Residents of Newfoundland and Labrador have had to pay a tax of $0.20 per liter for their sugary drinks for three months.

Does it works ?

It is therefore too early to draw conclusions from this first Canadian experience.

The Quebec researchers conclude, however, that a tax on sugary drinks is effective, because the other experiments in progress show that people buy less of them. “It’s in line with what we expect, specifies Antoine Genest-Grégoire.

We increase the price of a good, a good that still has a lot of substitutes, so people turn to substitutes.

Antoine Genest-Grégoire, PhD candidate at Carleton University

Interesting fact: in the United States, Cook County, Illinois, imposed its tax on “sodas” in 2017 with an added cent per ounce of sugary drink, which corresponds to an increase of almost 29%. The measure only remained in effect for four months, before being abolished, but during this short period of time, there was “a 25.7% drop in the volumes of targeted drinks purchased”.

When the tax was lifted, consumption returned to what it was four months earlier.

Show purchase price

For consumers to decide not to choose soda or other artificially sweetened juices, they must see the total price, including tax, when buying the product, insists Tommy Gagné-Dubé, researcher at the Research Chair in taxation and public finance. It is not only the amount of the tax that is important, he explains, the way it is designed too. “It has to show when the customer makes his choice,” says this professor at the University of Sherbrooke. If it’s like the QST at the checkout, the effect won’t be there at all. »

“The way it’s designed in Newfoundland, and as it would be if the provinces do it, it has to be the consumer who pays,” continues Professor Gagné-Dubé. It is provided for in the law, otherwise it would become an indirect tax and only the federal government can impose it under the Constitution. »

Movement within the industry

The big sugary drink manufacturers are unlikely to applaud the imposition of a tax on their products. On the other hand, they could emphasize their products which escape the tax, because less or not artificially sweetened.

It certainly has an impact for those businesses, but many have a whole range of products, many of which would not be affected by the tax.

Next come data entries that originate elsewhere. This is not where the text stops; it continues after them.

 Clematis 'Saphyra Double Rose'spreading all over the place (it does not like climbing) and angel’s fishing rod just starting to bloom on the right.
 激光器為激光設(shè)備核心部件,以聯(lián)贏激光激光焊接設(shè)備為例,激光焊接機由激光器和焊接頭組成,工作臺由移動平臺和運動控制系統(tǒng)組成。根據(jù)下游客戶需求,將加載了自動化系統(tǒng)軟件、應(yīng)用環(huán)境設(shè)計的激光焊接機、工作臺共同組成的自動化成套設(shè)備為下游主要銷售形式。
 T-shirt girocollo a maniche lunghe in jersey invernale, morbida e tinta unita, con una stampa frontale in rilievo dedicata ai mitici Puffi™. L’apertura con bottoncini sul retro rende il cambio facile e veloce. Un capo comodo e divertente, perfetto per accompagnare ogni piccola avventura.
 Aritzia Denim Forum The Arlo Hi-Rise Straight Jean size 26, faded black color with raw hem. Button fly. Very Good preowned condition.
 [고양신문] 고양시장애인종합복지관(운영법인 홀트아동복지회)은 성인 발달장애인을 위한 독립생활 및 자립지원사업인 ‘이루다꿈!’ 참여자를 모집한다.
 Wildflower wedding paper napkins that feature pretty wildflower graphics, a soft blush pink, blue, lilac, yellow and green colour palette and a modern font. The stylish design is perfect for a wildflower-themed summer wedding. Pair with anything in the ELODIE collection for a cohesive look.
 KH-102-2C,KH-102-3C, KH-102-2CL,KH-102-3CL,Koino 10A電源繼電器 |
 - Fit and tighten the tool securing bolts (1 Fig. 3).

Antoine Genest-Grégoire, PhD candidate at Carleton University

According to the researchers, that is also part of the objectives: to change the behavior of taxpayers, certainly, but also that of manufacturers so that they focus on products that are less harmful to health. Large manufacturers could also reformulate some of their drinks to avoid the tax.

A provincial responsibility

As this tax has public health objectives, it is therefore the provinces that must impose it, specifies the study.

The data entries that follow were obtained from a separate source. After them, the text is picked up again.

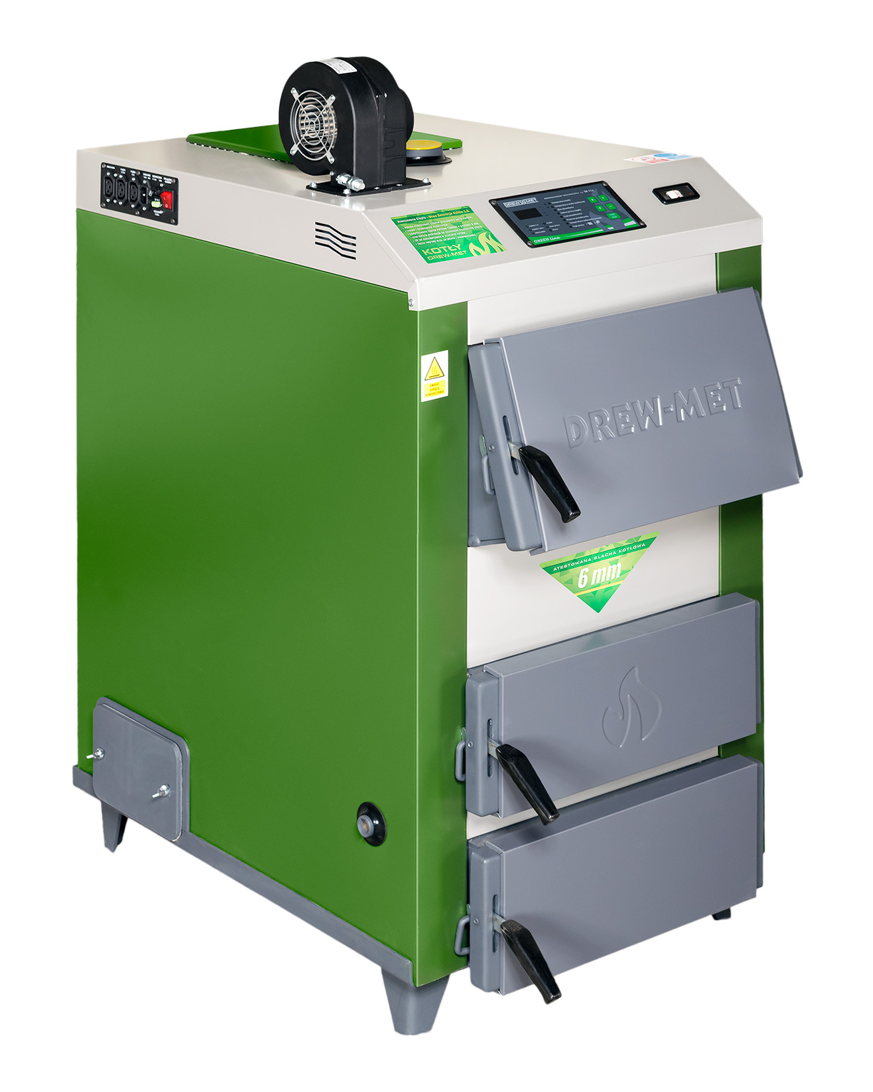 Котли типу MJ-3 це високоякісні і екологічні обігрівальні прилади. Завдяки використанню сучасної конструкції, використовується примусовий приплив повітря, за допомогою вмонтованого вентилятора, яким керує електронний регулятор. Верхній спосіб спалювання з відрегульованим видмухом повітря спричиняє досягнення оптимальних параметрів процесу спалювання сипучого вугілля і дає можливість утримувати задану температуру. Котел має також чавунне рухоме риштування і водяне, котре дуже ефективно відбирає теплову енергію з опалювальної сировини. Всі котли типу MJ-3 мають регулятор, що дає можливість підключення помп типів Центральне опалення i Підігрів теплої води, для щоденного користування.
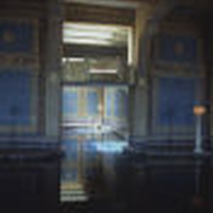 Ornate blue mosaic tile covers the walls of the indoor pool at Hearst Castle.
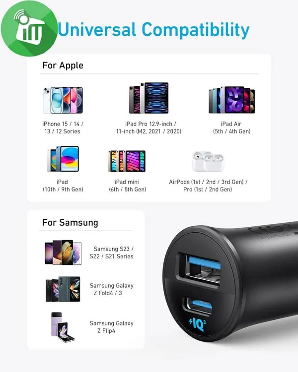 Anker A2741 Car Charger Power two phones simultaneously via the USB-C and USB-A ports, providing a practical solution for owners of multiple devices.
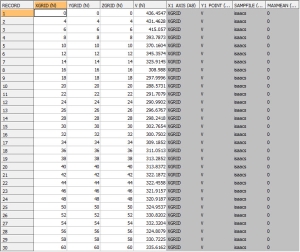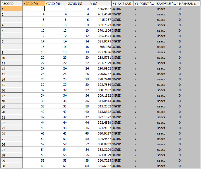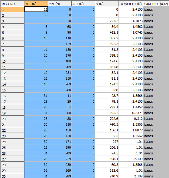 The WTOUT file contains the declustered weights. It is a copy of the input file for those samples with a non-absent *GRADE value with the extra field DCWEIGHT. The first 30 records of the file are shown in the graphic.
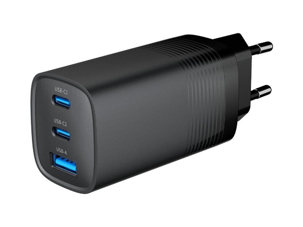 univerzálna USB nabíjačka ENERGENIE 220V/1x USB + 2x USB typ C, GaN PD QC 65W, čierna

The principle is not so much to collect revenue, but to change behavior, also specifies Luc Godbout, professor at the University of Sherbrooke and principal researcher in public finance at the Research Chair in Taxation and Public Finance. Luc Godbout looked into the matter in 2014-2015 when he chaired the Québec Taxation Review Committee. Already at the time, the idea of ​​reinvesting the revenue from the tax in sectors to directly fight against obesity was mentioned.

“Revenue from a tax aimed at changing behavior can be used directly to finance public expenditure also linked to the objective of such a tax. The payment of amounts drawn from the Quebec carbon market into a fund used to finance the electrification of transportation and the fight against [contre les] climate change responds to this logic, as does the fact that the sums raised by the taxation of cannabis are dedicated to a fund for the prevention of the harmful consequences of the consumption of this product, ”we can read in this new report.

The authors have adopted the INSPQ definition of “sweetened drink” which therefore includes “non-alcoholic beverages, whether carbonated or not, containing added sugars. More specifically, they mainly include soft drinks, fruit drinks, tea and coffee (ready-to-serve) as well as sports drinks and energy drinks that contain added sugar”.

Calling all

What impact would the imposition of a tax on your consumption of sugary, carbonated or other drinks have?